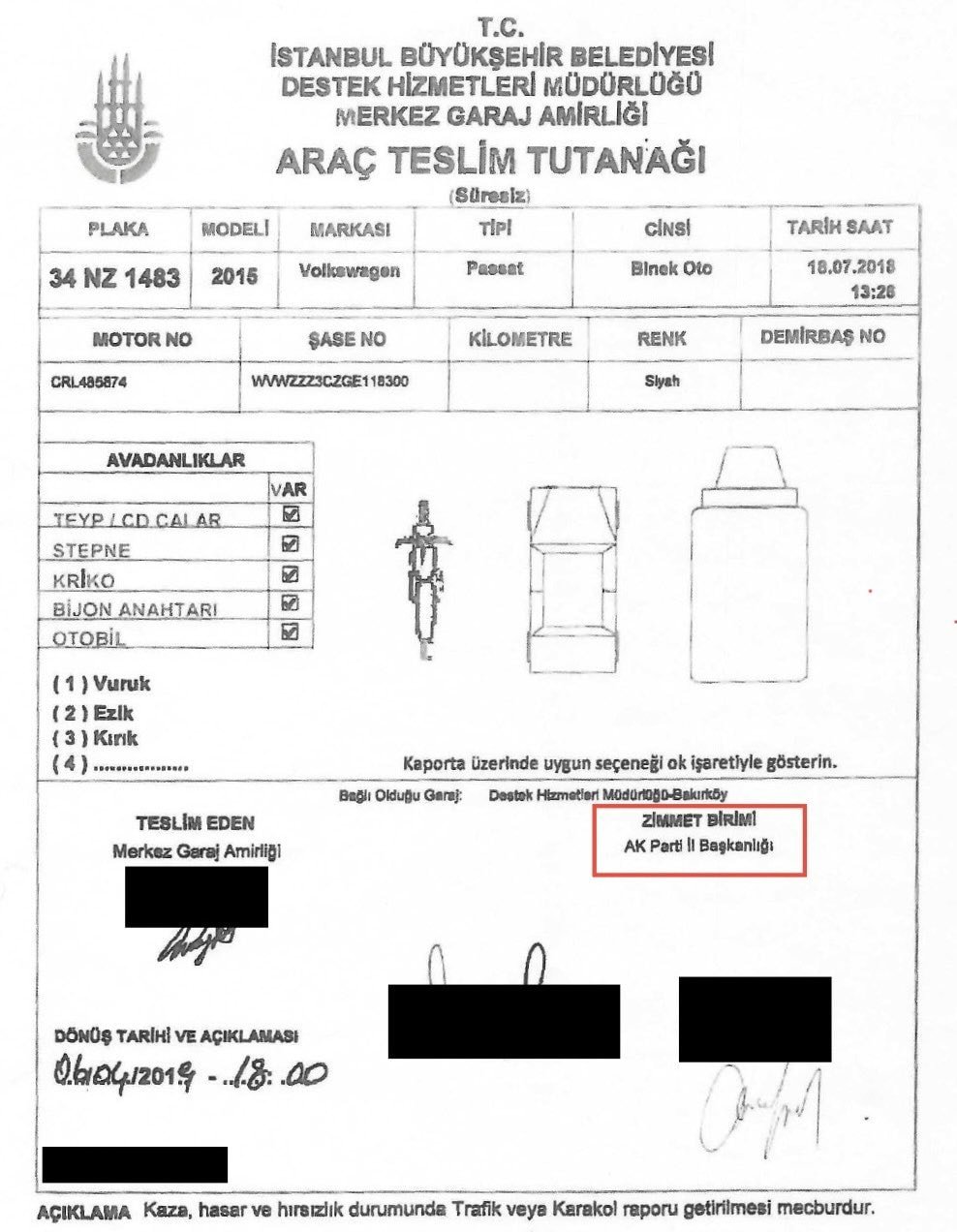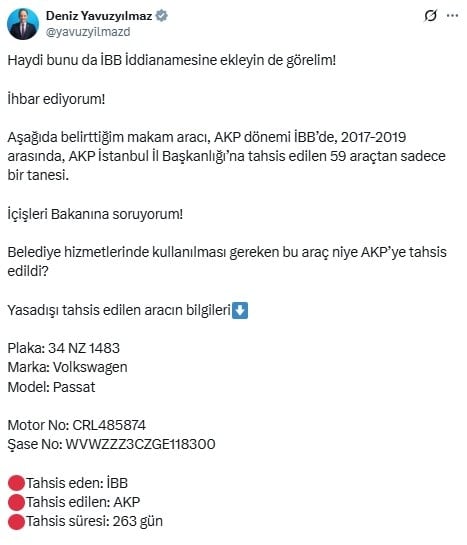 CHP’li Yavuzyılmaz, aracın Volkswagen Passat marka olduğunu belirterek, 34 NZ 1483 plakalı aracın 18 Temmuz 2018 tarihinde 263 gün süreyle AKP İstanbul İl Başkanlığı’na verildiğini söyledi.
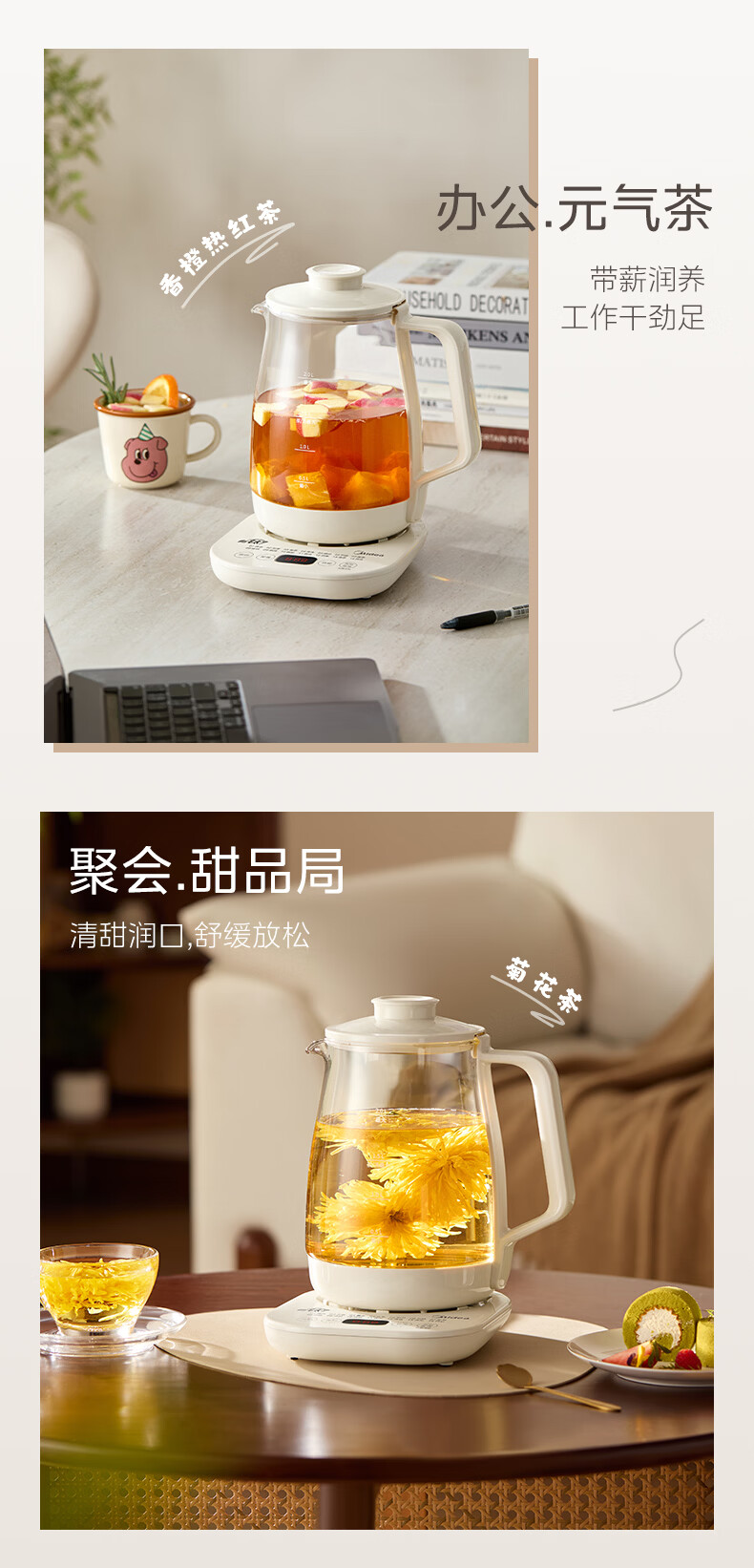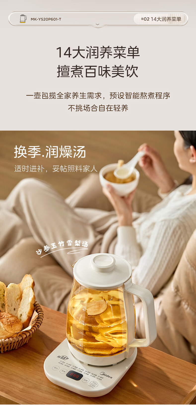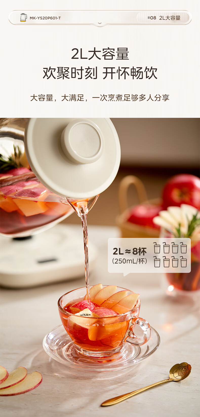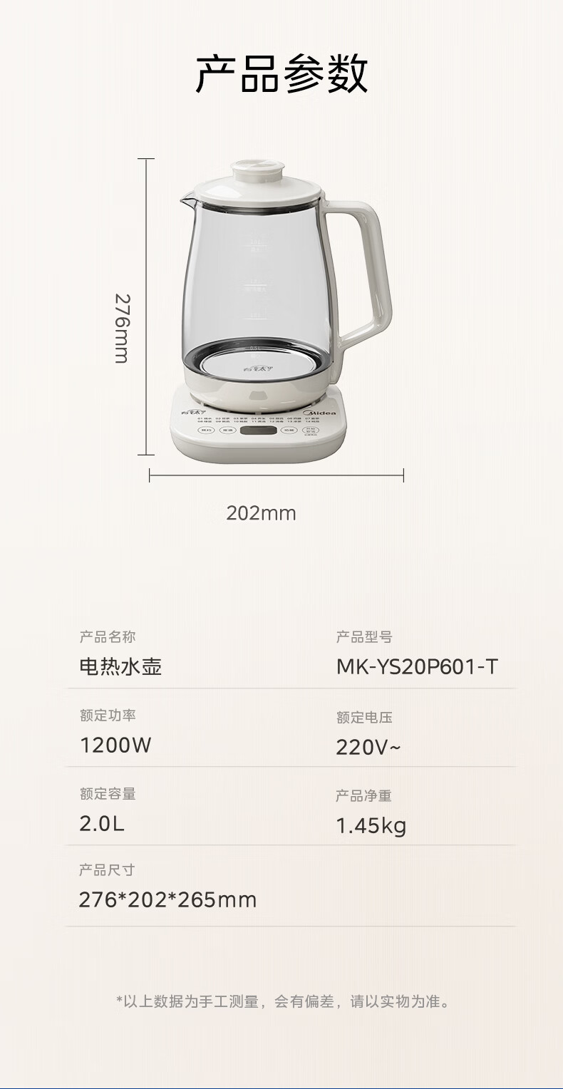 美的(Midea)有钛养生壶母婴级0胶水0涂层 大功率智能养生壶花茶壶 家用大容量恒温电热水壶烧水壶可煮小米 2L 【年度旗舰新品】有钛发热盘
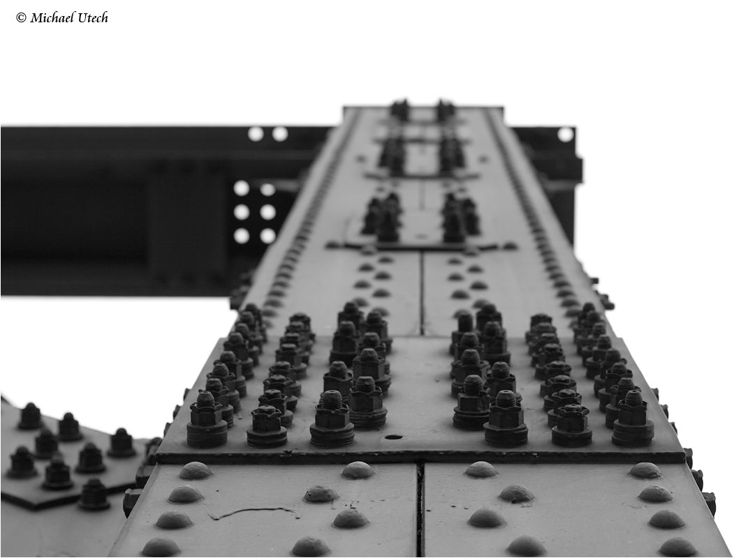 Eine alte Eisenbahnbrücke über den Kanal mit hunderten Nieten, Schrauben und Muttern.

**What needs to be done:**
Start at the first line and set down all of the data exactly, passing over the pictures.

**Result:**
 CHP’li Yavuzyılmaz, aracın Volkswagen Passat marka olduğunu belirterek, 34 NZ 1483 plakalı aracın 18 Temmuz 2018 tarihinde 263 gün süreyle AKP İstanbul İl Başkanlığı’na verildiğini söyledi.
 美的(Midea)有钛养生壶母婴级0胶水0涂层 大功率智能养生壶花茶壶 家用大容量恒温电热水壶烧水壶可煮小米 2L 【年度旗舰新品】有钛发热盘
 Eine alte Eisenbahnbrücke über den Kanal mit hunderten Nieten, Schrauben und Muttern.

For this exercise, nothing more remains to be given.